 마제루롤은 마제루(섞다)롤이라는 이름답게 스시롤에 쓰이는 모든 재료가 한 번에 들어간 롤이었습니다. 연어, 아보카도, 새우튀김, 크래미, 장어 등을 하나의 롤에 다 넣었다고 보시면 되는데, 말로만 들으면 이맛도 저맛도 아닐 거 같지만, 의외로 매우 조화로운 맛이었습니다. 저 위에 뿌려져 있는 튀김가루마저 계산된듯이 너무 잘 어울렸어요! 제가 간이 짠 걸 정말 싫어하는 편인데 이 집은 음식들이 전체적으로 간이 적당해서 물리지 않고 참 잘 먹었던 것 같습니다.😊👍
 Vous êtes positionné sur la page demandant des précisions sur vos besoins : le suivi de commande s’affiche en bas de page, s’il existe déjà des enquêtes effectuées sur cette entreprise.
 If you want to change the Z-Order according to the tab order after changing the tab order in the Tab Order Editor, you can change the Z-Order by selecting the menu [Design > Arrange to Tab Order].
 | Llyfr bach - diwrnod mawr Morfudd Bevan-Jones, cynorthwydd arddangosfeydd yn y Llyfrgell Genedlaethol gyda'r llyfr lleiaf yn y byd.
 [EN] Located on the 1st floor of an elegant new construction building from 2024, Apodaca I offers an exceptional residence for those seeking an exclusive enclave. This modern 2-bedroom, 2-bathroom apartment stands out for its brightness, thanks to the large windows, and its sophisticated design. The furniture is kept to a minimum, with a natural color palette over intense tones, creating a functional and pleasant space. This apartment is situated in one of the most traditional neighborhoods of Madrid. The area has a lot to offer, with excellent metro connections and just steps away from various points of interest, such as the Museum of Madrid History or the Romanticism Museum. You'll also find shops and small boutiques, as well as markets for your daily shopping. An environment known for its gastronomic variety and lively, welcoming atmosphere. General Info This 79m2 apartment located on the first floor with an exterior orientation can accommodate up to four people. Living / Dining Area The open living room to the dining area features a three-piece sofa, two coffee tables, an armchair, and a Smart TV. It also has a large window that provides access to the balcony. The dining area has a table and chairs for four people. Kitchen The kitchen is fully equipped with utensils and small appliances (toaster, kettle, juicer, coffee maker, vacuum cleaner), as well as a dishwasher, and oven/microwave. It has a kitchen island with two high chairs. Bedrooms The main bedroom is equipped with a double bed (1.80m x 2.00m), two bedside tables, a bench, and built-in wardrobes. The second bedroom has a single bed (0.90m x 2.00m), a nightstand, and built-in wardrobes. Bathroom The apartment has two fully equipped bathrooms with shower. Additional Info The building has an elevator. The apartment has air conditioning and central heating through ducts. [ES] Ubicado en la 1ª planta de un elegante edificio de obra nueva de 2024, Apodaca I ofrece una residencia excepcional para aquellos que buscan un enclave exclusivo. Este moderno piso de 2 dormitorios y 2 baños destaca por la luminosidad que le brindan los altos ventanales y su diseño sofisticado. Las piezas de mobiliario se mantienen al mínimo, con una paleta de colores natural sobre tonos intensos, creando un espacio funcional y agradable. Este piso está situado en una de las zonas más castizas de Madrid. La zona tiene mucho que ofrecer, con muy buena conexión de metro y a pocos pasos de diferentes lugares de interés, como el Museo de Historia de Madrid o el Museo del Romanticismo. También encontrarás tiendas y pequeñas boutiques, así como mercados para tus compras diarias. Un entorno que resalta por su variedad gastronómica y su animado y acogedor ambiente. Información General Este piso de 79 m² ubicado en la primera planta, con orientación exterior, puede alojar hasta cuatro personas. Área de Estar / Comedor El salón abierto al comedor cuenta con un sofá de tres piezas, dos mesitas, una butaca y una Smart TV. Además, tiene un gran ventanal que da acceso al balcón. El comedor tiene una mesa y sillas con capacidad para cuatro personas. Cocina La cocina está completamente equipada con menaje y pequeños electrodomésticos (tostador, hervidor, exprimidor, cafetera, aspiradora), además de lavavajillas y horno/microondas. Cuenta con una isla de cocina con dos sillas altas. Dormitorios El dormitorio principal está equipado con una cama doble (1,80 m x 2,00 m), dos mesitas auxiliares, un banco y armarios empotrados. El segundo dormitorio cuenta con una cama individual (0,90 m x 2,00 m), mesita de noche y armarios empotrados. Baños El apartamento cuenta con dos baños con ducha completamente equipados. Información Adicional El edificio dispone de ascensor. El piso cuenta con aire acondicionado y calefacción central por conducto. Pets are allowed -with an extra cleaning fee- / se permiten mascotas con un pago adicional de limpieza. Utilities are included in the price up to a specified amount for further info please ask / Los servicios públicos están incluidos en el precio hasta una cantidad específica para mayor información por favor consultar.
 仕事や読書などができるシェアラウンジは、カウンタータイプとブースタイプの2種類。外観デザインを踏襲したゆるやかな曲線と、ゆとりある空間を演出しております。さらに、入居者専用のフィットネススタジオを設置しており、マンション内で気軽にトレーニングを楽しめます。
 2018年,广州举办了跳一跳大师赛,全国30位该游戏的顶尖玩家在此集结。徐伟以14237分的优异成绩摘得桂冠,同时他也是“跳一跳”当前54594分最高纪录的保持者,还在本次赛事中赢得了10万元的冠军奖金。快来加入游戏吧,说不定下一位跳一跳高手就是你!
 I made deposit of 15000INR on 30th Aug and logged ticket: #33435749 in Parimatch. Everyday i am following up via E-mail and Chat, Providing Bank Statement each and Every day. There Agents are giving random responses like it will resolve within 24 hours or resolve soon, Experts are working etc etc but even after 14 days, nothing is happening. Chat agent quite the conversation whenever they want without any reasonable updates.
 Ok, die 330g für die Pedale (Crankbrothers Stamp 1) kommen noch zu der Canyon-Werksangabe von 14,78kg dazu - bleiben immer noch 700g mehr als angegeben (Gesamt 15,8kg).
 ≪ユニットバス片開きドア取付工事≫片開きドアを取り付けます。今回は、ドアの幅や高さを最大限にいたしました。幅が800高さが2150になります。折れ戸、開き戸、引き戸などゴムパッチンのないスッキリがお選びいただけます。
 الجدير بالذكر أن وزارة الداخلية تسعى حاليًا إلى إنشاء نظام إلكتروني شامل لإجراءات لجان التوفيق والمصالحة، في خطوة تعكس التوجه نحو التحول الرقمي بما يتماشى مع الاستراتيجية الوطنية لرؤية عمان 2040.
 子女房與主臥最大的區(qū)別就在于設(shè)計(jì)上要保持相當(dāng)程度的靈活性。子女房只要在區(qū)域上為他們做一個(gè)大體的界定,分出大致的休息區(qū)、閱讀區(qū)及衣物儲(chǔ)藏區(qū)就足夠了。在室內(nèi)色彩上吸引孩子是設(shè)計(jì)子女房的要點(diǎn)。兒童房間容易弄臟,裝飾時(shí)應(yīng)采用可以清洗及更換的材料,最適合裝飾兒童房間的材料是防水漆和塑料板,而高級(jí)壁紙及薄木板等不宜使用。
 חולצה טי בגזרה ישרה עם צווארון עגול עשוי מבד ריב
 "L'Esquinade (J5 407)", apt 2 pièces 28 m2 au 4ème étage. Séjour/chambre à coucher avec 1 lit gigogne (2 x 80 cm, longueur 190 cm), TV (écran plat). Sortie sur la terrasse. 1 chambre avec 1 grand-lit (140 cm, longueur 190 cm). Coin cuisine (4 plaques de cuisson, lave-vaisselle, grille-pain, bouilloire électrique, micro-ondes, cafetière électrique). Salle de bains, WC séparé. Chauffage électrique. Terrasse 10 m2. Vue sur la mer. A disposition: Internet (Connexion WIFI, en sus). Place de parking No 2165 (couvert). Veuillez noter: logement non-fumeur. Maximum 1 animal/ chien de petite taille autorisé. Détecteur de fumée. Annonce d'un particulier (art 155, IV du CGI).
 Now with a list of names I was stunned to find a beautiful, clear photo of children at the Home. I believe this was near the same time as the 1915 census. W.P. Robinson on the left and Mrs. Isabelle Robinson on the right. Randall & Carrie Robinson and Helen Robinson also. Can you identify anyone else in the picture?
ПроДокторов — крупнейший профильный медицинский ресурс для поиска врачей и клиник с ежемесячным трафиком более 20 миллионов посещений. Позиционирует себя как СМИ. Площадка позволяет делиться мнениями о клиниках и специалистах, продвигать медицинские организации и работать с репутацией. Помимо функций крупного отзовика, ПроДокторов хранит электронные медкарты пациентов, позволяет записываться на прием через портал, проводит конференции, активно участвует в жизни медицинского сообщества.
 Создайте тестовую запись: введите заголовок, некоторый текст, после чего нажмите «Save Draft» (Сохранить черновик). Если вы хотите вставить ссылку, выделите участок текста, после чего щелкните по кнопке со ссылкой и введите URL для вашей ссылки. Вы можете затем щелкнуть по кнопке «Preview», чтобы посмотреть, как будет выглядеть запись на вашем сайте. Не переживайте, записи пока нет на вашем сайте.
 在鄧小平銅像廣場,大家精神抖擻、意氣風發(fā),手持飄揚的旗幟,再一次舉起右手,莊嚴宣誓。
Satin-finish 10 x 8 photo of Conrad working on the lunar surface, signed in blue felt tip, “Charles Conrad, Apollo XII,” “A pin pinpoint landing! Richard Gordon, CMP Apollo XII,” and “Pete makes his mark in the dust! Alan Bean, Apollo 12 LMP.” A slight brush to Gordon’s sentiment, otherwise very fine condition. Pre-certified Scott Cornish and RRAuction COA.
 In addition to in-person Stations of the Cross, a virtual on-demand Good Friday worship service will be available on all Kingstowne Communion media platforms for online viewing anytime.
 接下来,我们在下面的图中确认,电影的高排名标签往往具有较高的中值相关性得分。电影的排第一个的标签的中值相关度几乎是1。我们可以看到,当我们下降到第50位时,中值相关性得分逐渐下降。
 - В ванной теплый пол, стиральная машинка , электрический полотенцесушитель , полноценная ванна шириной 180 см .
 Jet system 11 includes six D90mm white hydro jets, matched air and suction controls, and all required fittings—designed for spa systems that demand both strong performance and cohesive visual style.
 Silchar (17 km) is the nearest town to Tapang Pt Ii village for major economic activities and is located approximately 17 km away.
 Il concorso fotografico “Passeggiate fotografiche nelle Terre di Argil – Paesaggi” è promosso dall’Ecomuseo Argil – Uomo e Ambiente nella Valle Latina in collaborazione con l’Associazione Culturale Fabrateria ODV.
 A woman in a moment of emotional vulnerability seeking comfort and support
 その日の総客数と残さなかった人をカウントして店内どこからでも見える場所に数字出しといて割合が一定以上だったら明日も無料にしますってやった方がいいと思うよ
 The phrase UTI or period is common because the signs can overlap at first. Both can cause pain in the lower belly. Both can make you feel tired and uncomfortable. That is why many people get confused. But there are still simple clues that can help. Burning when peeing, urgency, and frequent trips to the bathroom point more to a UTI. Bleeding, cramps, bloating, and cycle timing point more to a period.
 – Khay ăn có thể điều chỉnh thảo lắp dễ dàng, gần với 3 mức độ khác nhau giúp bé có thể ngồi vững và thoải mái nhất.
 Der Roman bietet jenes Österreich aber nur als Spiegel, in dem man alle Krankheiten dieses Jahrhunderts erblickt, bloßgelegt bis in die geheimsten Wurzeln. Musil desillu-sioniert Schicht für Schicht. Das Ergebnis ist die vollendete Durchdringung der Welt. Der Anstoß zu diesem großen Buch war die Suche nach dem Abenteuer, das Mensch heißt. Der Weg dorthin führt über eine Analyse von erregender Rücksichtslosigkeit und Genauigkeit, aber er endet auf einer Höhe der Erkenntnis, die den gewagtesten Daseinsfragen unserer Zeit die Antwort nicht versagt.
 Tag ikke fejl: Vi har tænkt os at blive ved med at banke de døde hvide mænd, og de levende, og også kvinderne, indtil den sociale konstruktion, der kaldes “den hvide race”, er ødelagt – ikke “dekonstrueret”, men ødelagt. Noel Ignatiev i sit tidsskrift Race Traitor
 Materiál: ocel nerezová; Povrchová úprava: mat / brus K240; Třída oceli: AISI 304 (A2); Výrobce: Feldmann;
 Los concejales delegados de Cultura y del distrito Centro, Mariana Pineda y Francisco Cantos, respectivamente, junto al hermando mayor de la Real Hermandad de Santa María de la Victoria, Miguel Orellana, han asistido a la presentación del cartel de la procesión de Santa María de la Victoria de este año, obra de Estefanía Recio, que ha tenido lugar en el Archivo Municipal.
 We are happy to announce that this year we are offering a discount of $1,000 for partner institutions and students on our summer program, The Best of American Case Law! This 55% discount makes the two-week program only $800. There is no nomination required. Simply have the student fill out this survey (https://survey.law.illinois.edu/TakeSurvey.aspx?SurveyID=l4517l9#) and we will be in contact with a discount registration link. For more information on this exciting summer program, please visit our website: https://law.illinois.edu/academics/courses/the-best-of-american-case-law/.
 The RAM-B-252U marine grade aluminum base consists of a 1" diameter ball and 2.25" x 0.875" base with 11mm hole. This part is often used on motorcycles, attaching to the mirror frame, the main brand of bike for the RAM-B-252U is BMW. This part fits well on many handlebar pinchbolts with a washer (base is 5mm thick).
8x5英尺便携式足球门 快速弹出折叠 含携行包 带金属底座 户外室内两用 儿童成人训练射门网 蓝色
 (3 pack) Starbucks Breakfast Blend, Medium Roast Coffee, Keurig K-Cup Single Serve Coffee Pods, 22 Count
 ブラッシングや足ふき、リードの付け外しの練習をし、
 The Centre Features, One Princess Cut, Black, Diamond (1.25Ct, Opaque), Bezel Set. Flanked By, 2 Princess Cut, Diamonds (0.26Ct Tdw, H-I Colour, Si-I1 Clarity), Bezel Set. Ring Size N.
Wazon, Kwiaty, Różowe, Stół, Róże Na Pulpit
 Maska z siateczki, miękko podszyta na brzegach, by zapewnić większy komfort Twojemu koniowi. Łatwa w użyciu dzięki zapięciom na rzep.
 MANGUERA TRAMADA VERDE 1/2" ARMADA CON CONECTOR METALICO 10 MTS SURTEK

* EXERCISE GOAL *
Of the entries above, repeat exactly the lines between the line with "ПроДокторов — крупнейший" and the line with "- В ванной теплый", inclusive, and no others.

* TASK OUTPUT *
ПроДокторов — крупнейший профильный медицинский ресурс для поиска врачей и клиник с ежемесячным трафиком более 20 миллионов посещений. Позиционирует себя как СМИ. Площадка позволяет делиться мнениями о клиниках и специалистах, продвигать медицинские организации и работать с репутацией. Помимо функций крупного отзовика, ПроДокторов хранит электронные медкарты пациентов, позволяет записываться на прием через портал, проводит конференции, активно участвует в жизни медицинского сообщества.
 Создайте тестовую запись: введите заголовок, некоторый текст, после чего нажмите «Save Draft» (Сохранить черновик). Если вы хотите вставить ссылку, выделите участок текста, после чего щелкните по кнопке со ссылкой и введите URL для вашей ссылки. Вы можете затем щелкнуть по кнопке «Preview», чтобы посмотреть, как будет выглядеть запись на вашем сайте. Не переживайте, записи пока нет на вашем сайте.
 在鄧小平銅像廣場,大家精神抖擻、意氣風發(fā),手持飄揚的旗幟,再一次舉起右手,莊嚴宣誓。
Satin-finish 10 x 8 photo of Conrad working on the lunar surface, signed in blue felt tip, “Charles Conrad, Apollo XII,” “A pin pinpoint landing! Richard Gordon, CMP Apollo XII,” and “Pete makes his mark in the dust! Alan Bean, Apollo 12 LMP.” A slight brush to Gordon’s sentiment, otherwise very fine condition. Pre-certified Scott Cornish and RRAuction COA.
 In addition to in-person Stations of the Cross, a virtual on-demand Good Friday worship service will be available on all Kingstowne Communion media platforms for online viewing anytime.
 接下来,我们在下面的图中确认,电影的高排名标签往往具有较高的中值相关性得分。电影的排第一个的标签的中值相关度几乎是1。我们可以看到,当我们下降到第50位时,中值相关性得分逐渐下降。
 - В ванной теплый пол, стиральная машинка , электрический полотенцесушитель , полноценная ванна шириной 180 см .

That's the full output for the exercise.